In his diary he describes an insane daily routine. “I wake up at 4:30, after washing up I walk around my room until about 7 and while walking I read Nahj ol Balagheh”—the writings of Imam Ali—“or books on the interpretation of the Koran or history or religion. At 7 I eat breakfast with the detention center’s officers and read until 8. From 8 to 10 I walk around my room, studying German. Between 10 and noon I usually have visitors, or officers and other prisoners visit me. Then until 1 p.m., which is lunchtime, I either read or write. After lunch I rest, read, and sometimes take a nap until three. From three to five I take a shower and read in French while walking. From five to six I take a bath, read the papers, have dinner, and engage in conversation with whoever visits me. From then on until I fall asleep around midnight I listen to the radio or read.”

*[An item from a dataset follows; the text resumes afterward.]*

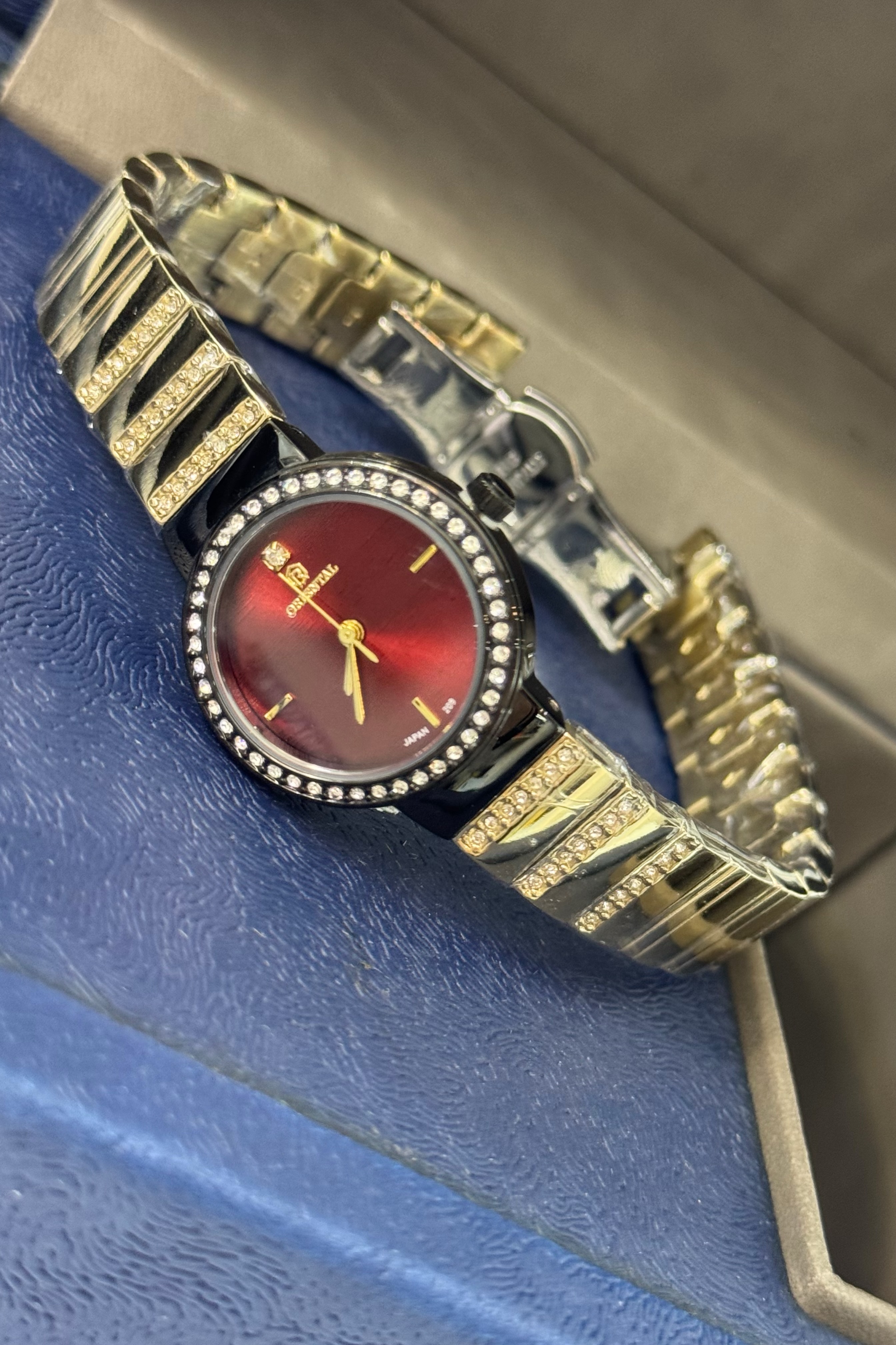 ساعت مچی زنانه اورینتال بند فلزی طلایی نگیندار با صفحه قرمز آلبالویی، جلوهای از ظرافت، لوکس بودن و استایل کلاسیک زنانه است. ترکیب بند دو رنگ سیلور و طلایی با نگینهای درخشان و صفحه قرمز آلبالویی، ساعتی خاص و منحصربهفرد ایجاد کرده که مچ دست را به مرکز توجه تبدیل میکند. این مدل برای خانمهایی طراحی شده که به استایل شیک، جواهرگونه و جزئیات دقیق اهمیت میدهند.

He moves seamlessly from his own feelings of frustration, his sense of betrayal and grief, to conversations with the prison staff, other prisoners, visitors, family, and friends, to comments on the country’s political situation and events in other parts of the world—Churchill’s death in 1965, the war in Vietnam. He celebrates the freedoms of the American people, their amazing capacity to re-create themselves, and at the same time he bemoans American foreign policy. At one point he writes an open letter to President Johnson in which he quotes John Quincy Adams, Franklin Roosevelt, Daniel Webster, and Abraham Lincoln. He explains that he writes as a person who has witnessed “the anxiety and fear in the faces of striking workers in Detroit whom I have seen in the depths of despair lying on the sidewalks with bottles of whisky … the ruined and smoky buildings in Harlem and Chicago, the unhappiness and hunger in New Orleans and Baltimore … as well as the beautiful new buildings with their automatic doors, the endless blessings of individual freedoms and the beauty, comfort and culture of the country …” He talks about the need to acknowledge America’s debt to other nations and asks Johnson “not to be deceived by the tyrannical politicians in other countries, not to consider those who think differently from him as his enemies, not to make the mistakes America was making in Vietnam, and not to give condescending charity to other nations—if you are going to help them you should do it based on principle and as equals.”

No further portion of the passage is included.